Colorblindness: The assertion that one does not see color but rather sees everyone the same. While on the surface this seems positive, it actually invalidates people’s identities and the experience of those who experience racism.
Intersectionality: The understanding that social issues cannot be explored in isolation as different identities such as race, gender, age etc. intersect in each person’s life and produce different privilege or oppression.
Black Lives Matter: A current moment to recognize the validity of black lives. It is not saying that other lives do not matter but rather saying that there has been disproportionate bias towards black people by our institutions and government. The movement has come about in the wake of many instances of excessive police violence towards black individuals across the country.
Stereotype: An oversimplified generalization about a person or a group. These can be about both negative and positive qualities but regardless, they lump people together. Stereotypes are cognitive shortcuts and become a bias when you apply the stereotype to an action. For example: saying that white people can’t dance and black people are good dancers is a stereotype. Asking a black person to dance with you instead of the white person for this reason is a bias.
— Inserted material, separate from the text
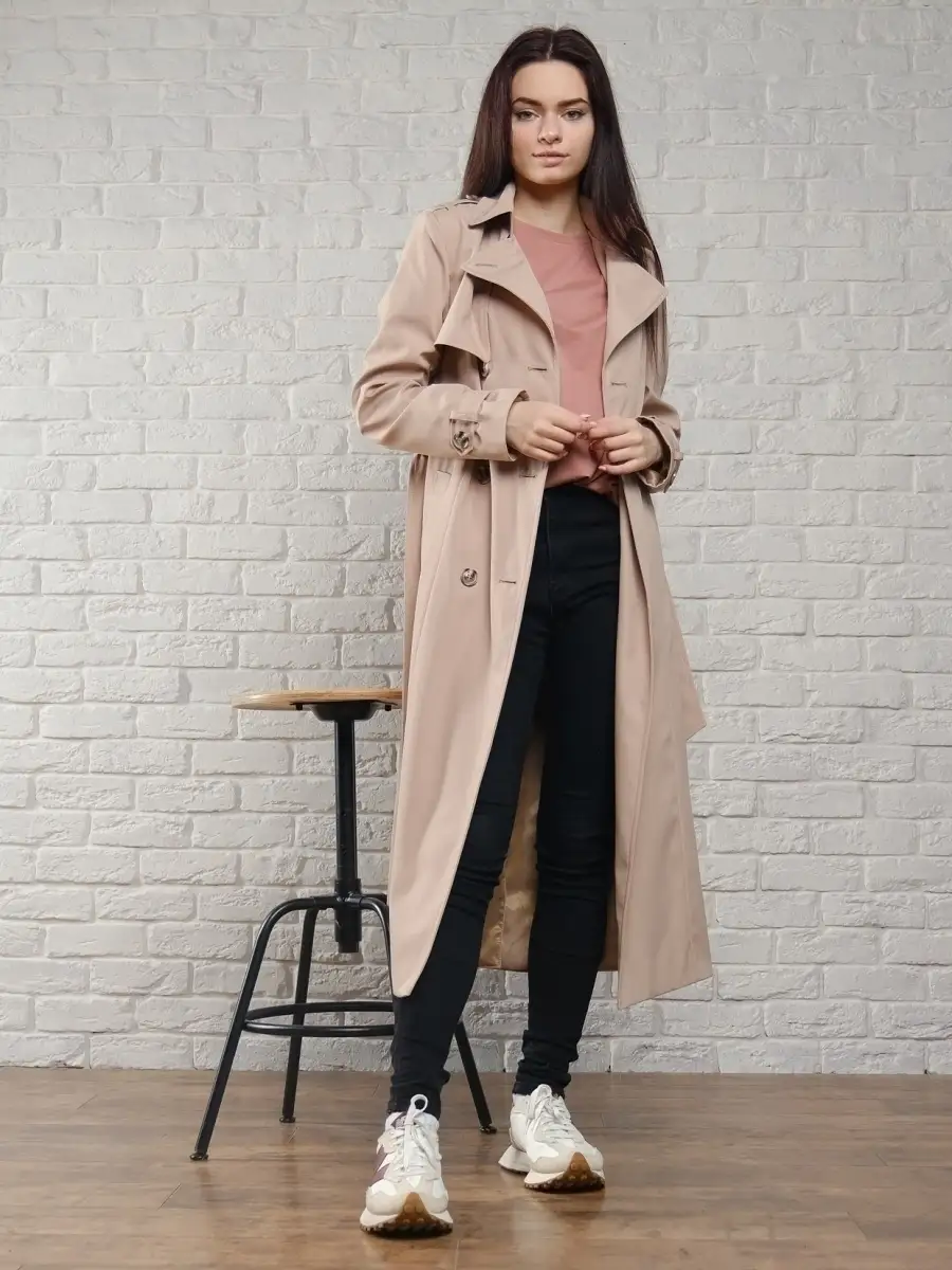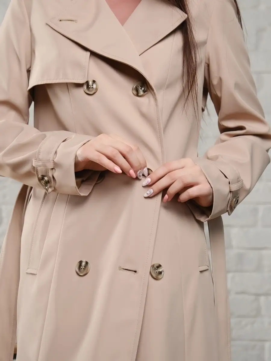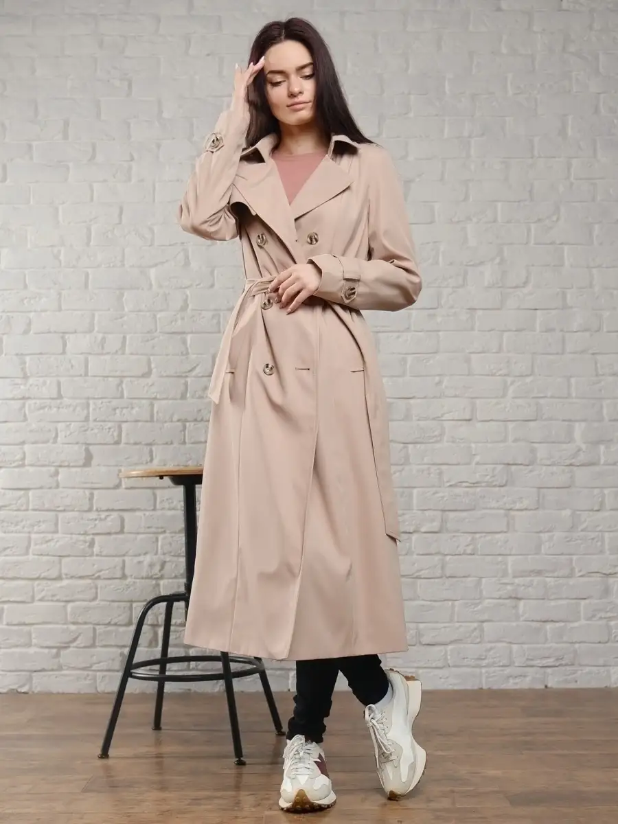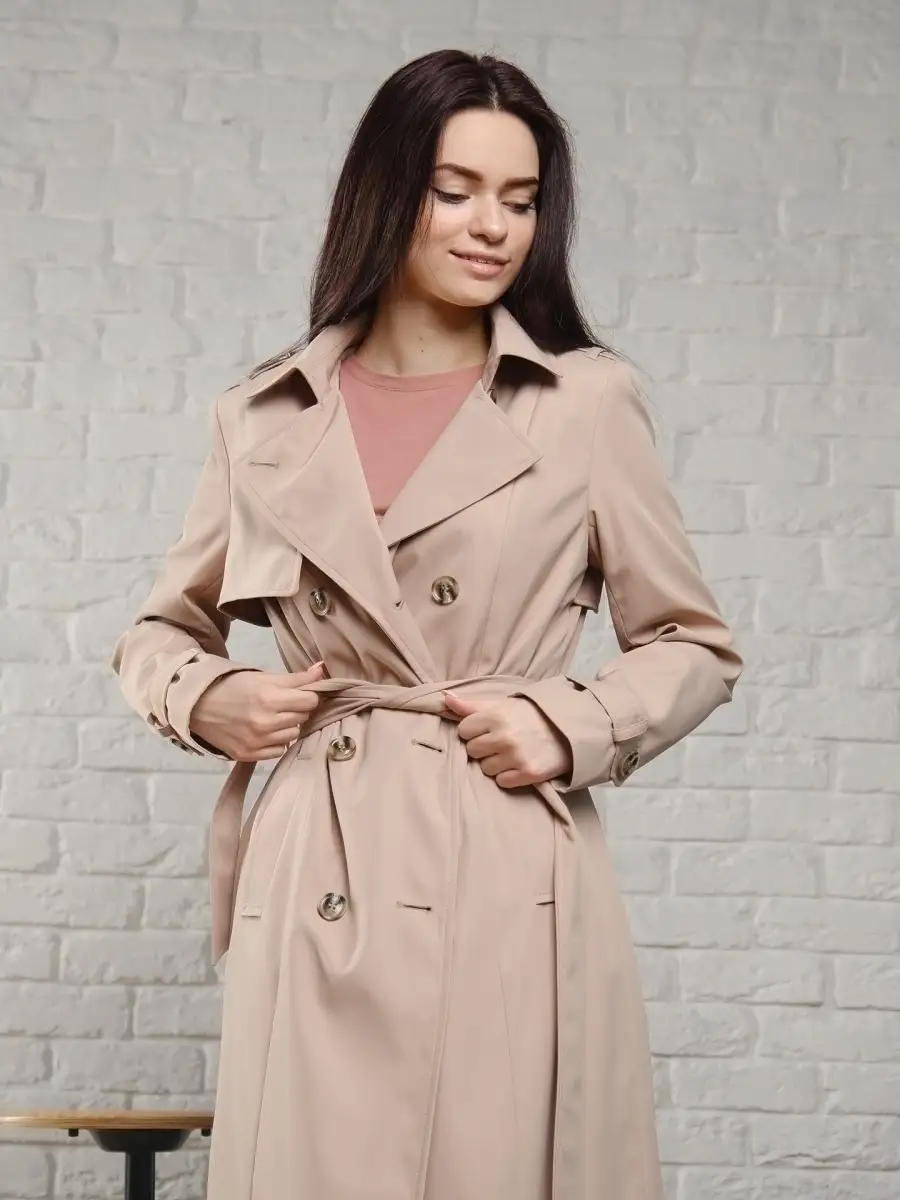Описание: РЕКОМЕНДУЕМ брать НА РАЗМЕР БОЛЬШЕ своего. Тренч женский – это классический тренчкот, который уже стал неотъемлемой частью базового гардероба на весну. Длинный плащ с поясом и полуприлегающей посадкой волшебно подчеркивает фигуру и создает актуальный современный образ. Длина миди, по спинке 116 см. Тренчкот женский из плащевой ткани не промокает в дождь и защитит вас от ветра благодаря особой водоотталкивающей пропитке материала. Двубортный тренчкот - это отличный выбор для динамичного образа жизни девушек, которые ценят комфорт, качество и стиль! Детали: Классический английский воротник. Крой прямой полуприлегающий. Двубортная застежка с двумя рядами пуговиц. Прямой втачной рукав. Шлица. Кокетка, погоны, паты на рукавах, шлевки под пояс. Прорезные карманы с листочкой. Ростовка рассчитана на рост 164 см. Материал - плащевая ткань (полиэстер 100%), непромокаемый, есть ветрозащита. Сезон: теплая весна от +10+15 градусов и прохладное лето.

But what about when stereotypes are “true”?
There are two concepts at play here.
- Stereotype threat: a phenomenon where an individual subconsciously acts to fit a stereotype. Example: Women preform worse on math exams when they think that the results will show a gender difference.
- Empirical Generalization: A fact about a large group of people. Example: Men are taller than women. Statistically this is true but not universal to all men. This generalization leads to bias and stereotyping when women decide they won’t date shorter men. Because of stereotype threat, women are conditioned to feel this way.
Privilege: An advantage that comes from historical oppression of other groups. Privilege can be seen in race, gender, sexuality, ability, socioeconomic status, age etc. Acknowledging it isn’t meant to shame those with certain privilege but rather challenge the systems that make it exist. It does not mean that you with a certain privilege have never had challenges in life, just that there are some challenges you will not experience because of your identity. Examples: A hearing abled individual can watch TV and know what is happening because they can hear the sound. A heterosexual couple can walk together in public more comfortably than a homosexual couple. A white person can buy a bandage in their skin color where a black person’s flesh color bandage doesn’t match their skin.
Check your Privilege: Since we know that we all have privilege in different ways, being told to check your privilege is a way of saying take a step back and look at the privileges you have and how they impact your perspective. Reflect on how your social identities may have given you advantages and given others a disadvantage.
Microaggression: These are small common occurrences that demonstrate bias towards a certain group. They are insults, assaults or invalidations that presume one group is superior to another. While they seem small in isolation, overtime, microaggressions impact an individual’s mental health and emotions. Examples: Asking someone from Asian decent where they are really from (implying they cannot actually be from the United States). Stating that everyone can succeed if they try hard enough (this both implies that people of color don’t work as hard and invalidates the abundance of institution racism in our society).
Institutional Racism: Also known as systemic racism, this is forms of racism that are engrained in our society, politics and organizations. It is typically less obvious that overt racism and is when entire racial groups are discriminated against by a larger entity than an individual person. Example: Standardized test questions have been proven to favor white students however we still use them as a measure of merit in our school systems.
Cultural Appropriation: When dominant groups borrow from marginalized groups who have been stigmatized for their differences in society. One group is penalized for something that another group is praised for. It is when a privileged group misrepresents and further marginalizes other cultures. Example: Using tribal tattoos to sell a product. This takes something that has meaning to Native American groups and strips the meaning from it to be something “trendy”.
Whitesplaining: When a white person explains why something is offensive to a person of color. It is interpreted as giving people of color permission for how they feel when something offensive happens and is condescending to people of color who do not need to be told about their own experience. White people cannot decide what is and what is not racism and do not know what it is like to be a person of color. The same concept can apply for mansplaining when a man speaks on behalf of a woman’s experience. We can empathize without speaking for others.